The transition probabilities are ($n$ is the sink state)
$$P(X_{i+1} = 1 \mid X_i = 0) = 1;$$ $$P(X_{i+1} = j+1 \mid X_i = j) > 0.5, \quad P(X_{i+1} = j-1 \mid X_i = j) < 0.5 \quad (1 \le j \le n-1).$$
Consider the following Markov Chain (denoted $Y$) $Y_0, Y_1, Y_2, \ldots$: $$Y_0 = X_0;$$ $$P(Y_{i+1} = 1 \mid Y_i = 0) = 1;$$ $$P(Y_{i+1} = j+1 \mid Y_i = j) = 0.5, \quad P(Y_{i+1} = j-1 \mid Y_i = j) = 0.5 \quad (1 \le j \le n-1).$$
It seems quite intuitive that
$P:$ The expected time to reach $n$ starting from any state is larger for $Y$ than for $X$.
In this sense, the process $Y$ can be regarded as a pessimistic version of $X$ because $X_i$ which increases at the next step with probability $> 0.5$ in $X$ now increases with probability exactly 0.5 in $Y$.
My question is
How to prove the intuitive proposition $P$?

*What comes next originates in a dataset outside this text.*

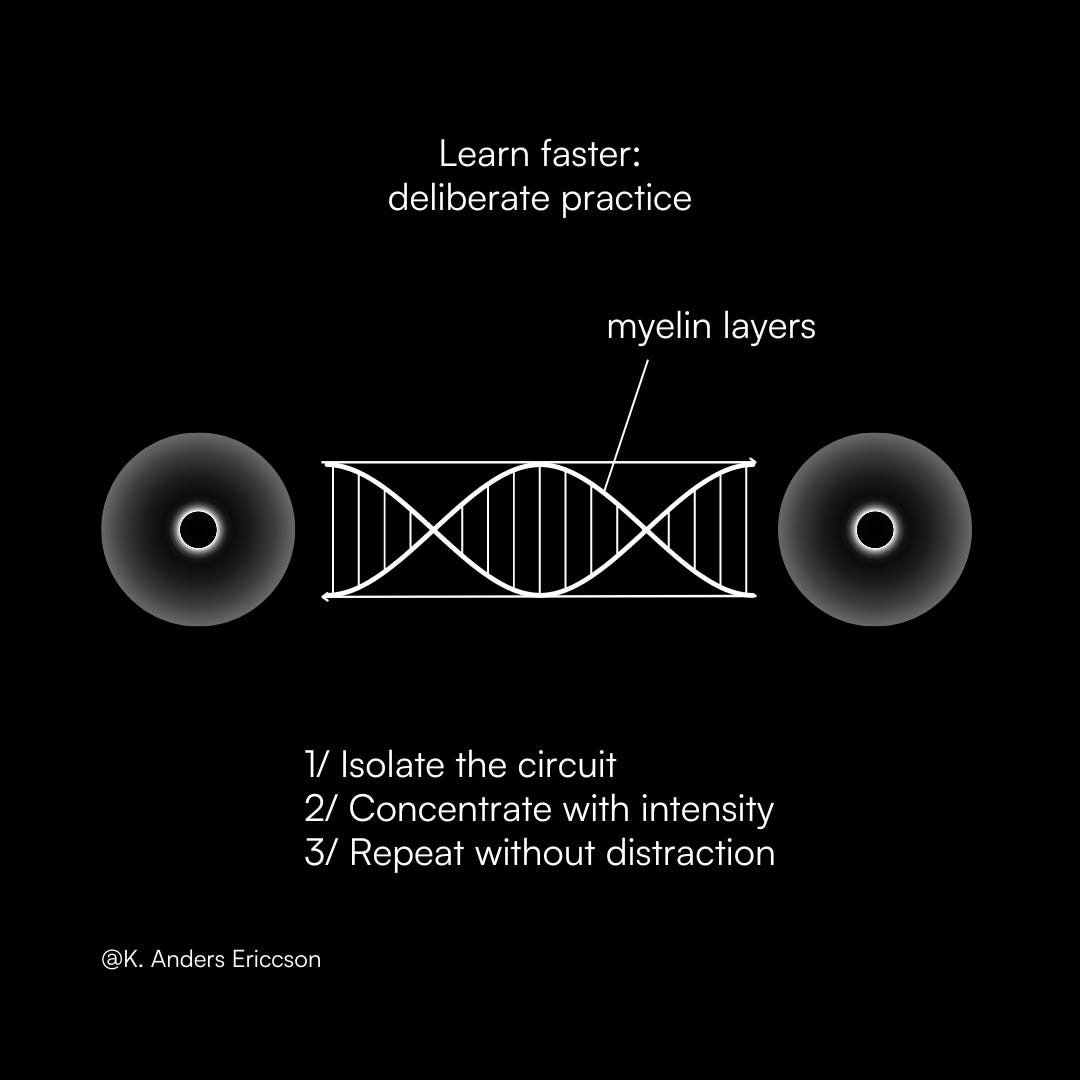 Say you’re working on a challenging new skill, and at the same time your Twitter feed is open, you’re firing **too many circuits simultaneously and haphazardly, resulting in no isolation and no real progress.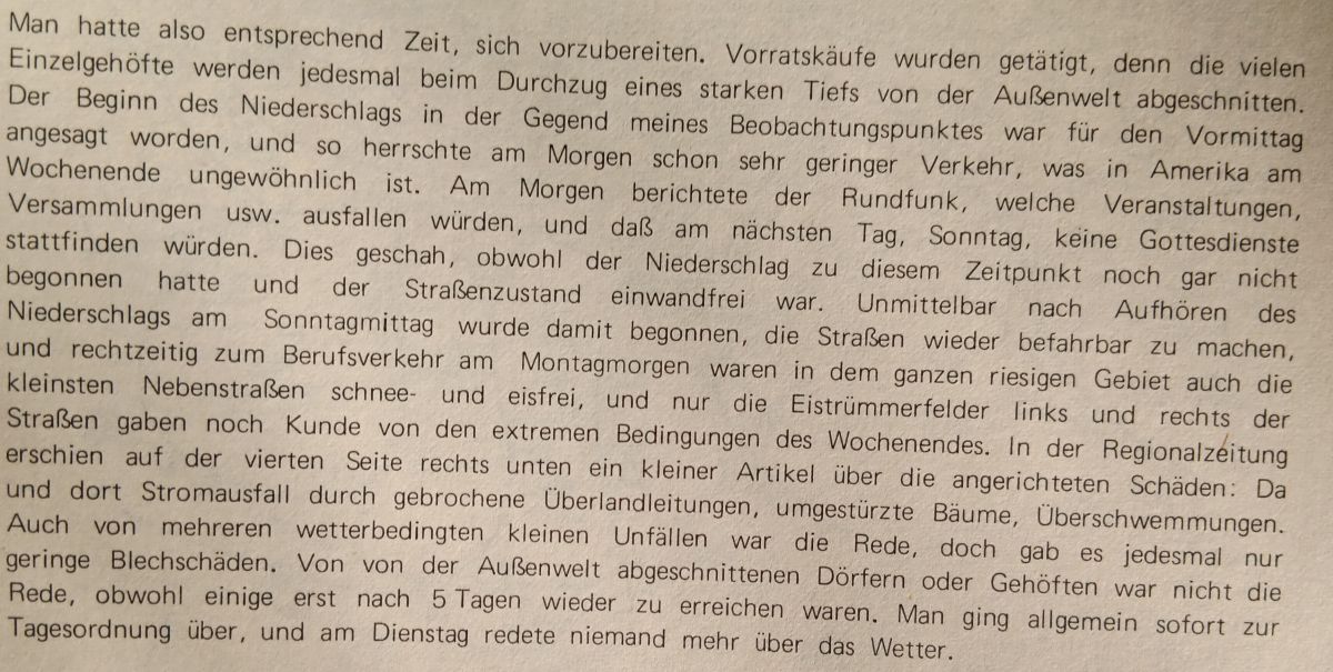 Noch ein Wort zu Reaktionen in der Bevölkerung. Derartig intensive Entwicklungen gibt es zwar nicht in jedem Jahr, aber doch immer wieder, manchmal auch mehrmals im Jahr. Der o. g. Blizzard im Jahr 1978 fiel in meine Zeit dort, und es war sehr aufschlussreich zu verfolgen, wie man in der Öffentlichkeit damit umging. Ich hatte das seinerzeit ausführlich in einer „Beilage zur Berliner Wetterkarte“ ausführlich beschrieben. Weil es damals noch keinerlei Digitalisierung gab, habe ich diese Ausführungen gescannt und zeige sie hier im Bildformat:

I was hinted to use some techniques like coupling of Markov Chains. But I don't know how.
Note: The problem is adapted from "A Randomized Algorithm for 2-Satisfiability" in Section 7.1.1 of the book "Probability and Computing: Randomized Algorithms and Probabilistic Analysis" by Eli Upfal et al. (2005)

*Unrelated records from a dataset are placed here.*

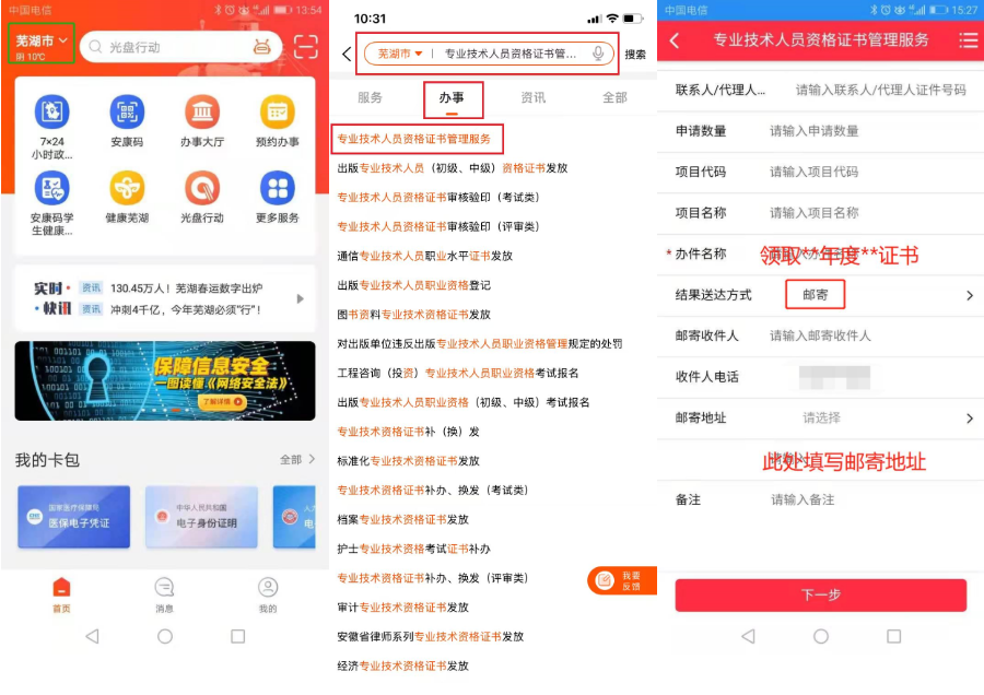 方式1:移动端申请(推荐使用),手机下载皖事通APP,城市选择芜湖,搜索栏搜索“专业技术人员资格证书管理服务”,在线办理。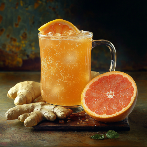 Professional photographer documentary of a Grapefruit tea , ginger , gogi berrywith honey in a 16 oz glass stange hyper Realistic 16k, hyper quality, Photorealism, Food photography Food, hyper --v 6.1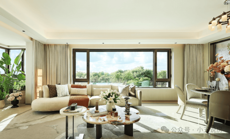 超16米的连续景观面:客厅、餐厅甚至主卧等主要房间都能享受到这一视野,整个家的采光和观景效果极佳。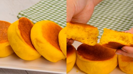 To make the pumpkin buns, you first make a dough with pumpkin puree, egg, salt, sugar, yeast, and flour. Then, after it has doubled in size, it gets divided into buns before being allowed to rise again. Finally, they are cooked in a pan on the stove so that they become golden on both sides.

If we allow $k_i$ to represent the expected number of steps required to reach node $n$ from node $i$ we can summarize this problem with a system of equations. In general: $$k_i = 1 + \sum_{j\neq i}p_{i,j}k_j$$ So for this problem $$k_n = 0, k_0 = 1 + k_1 $$$$k_i = 1 + (1-p_i)k_{i-1} + p_ik_{i+1}$$ where $i\in\{1,...,n-1\}$ and $p_i = p_{i,i+1}$. Notice that $k_0 = k_1+1$ and $$k_1 = 1 + (1-p_1)k_0 + p_1k_2 = 1 + (1-p_1)(1+k_1) + p_1k_2$$ $$\implies k_0 = k_1 + 1= \frac2{p_1} + k_2$$ So $k_0 > k_1 > k_2$. Further, if we assume that $k_{i-1} > k_i$ we can show that: $$k_i = 1 + (1-p_i)k_{i-1} + p_ik_{i+1}\implies k_i > 1 + (1-p_i)k_i + p_ik_{i+1}$$ $$\implies k_i > \frac1{p_i} + k_{i+1} > k_{i+1} \implies k_i - k_{i+1} > \frac1{p_i}$$
Now, consider $b_i$ which is similar to $k_i$ but $p_i = \frac12$ for all $i$. Then $b_i \geq 2 + b_{i+1}$
Because of this, and the fact that $b_n=k_n = 0$ $$b_0 - k_0 = \sum_{j=0}^{n-1}(b_j - b_{j+1}) + b_n - \sum_{j=0}^{n-1}(k_j - k_{j+1}) - k_n$$ $$b_0 - k_0 \geq 2(n) - \sum_{j=0}^{n-1}\frac{1}{p_i}> 2n - 2n = 0$$ So $b_0 > k_0$. In fact a similar argument can be made for all $b_i - k_i$.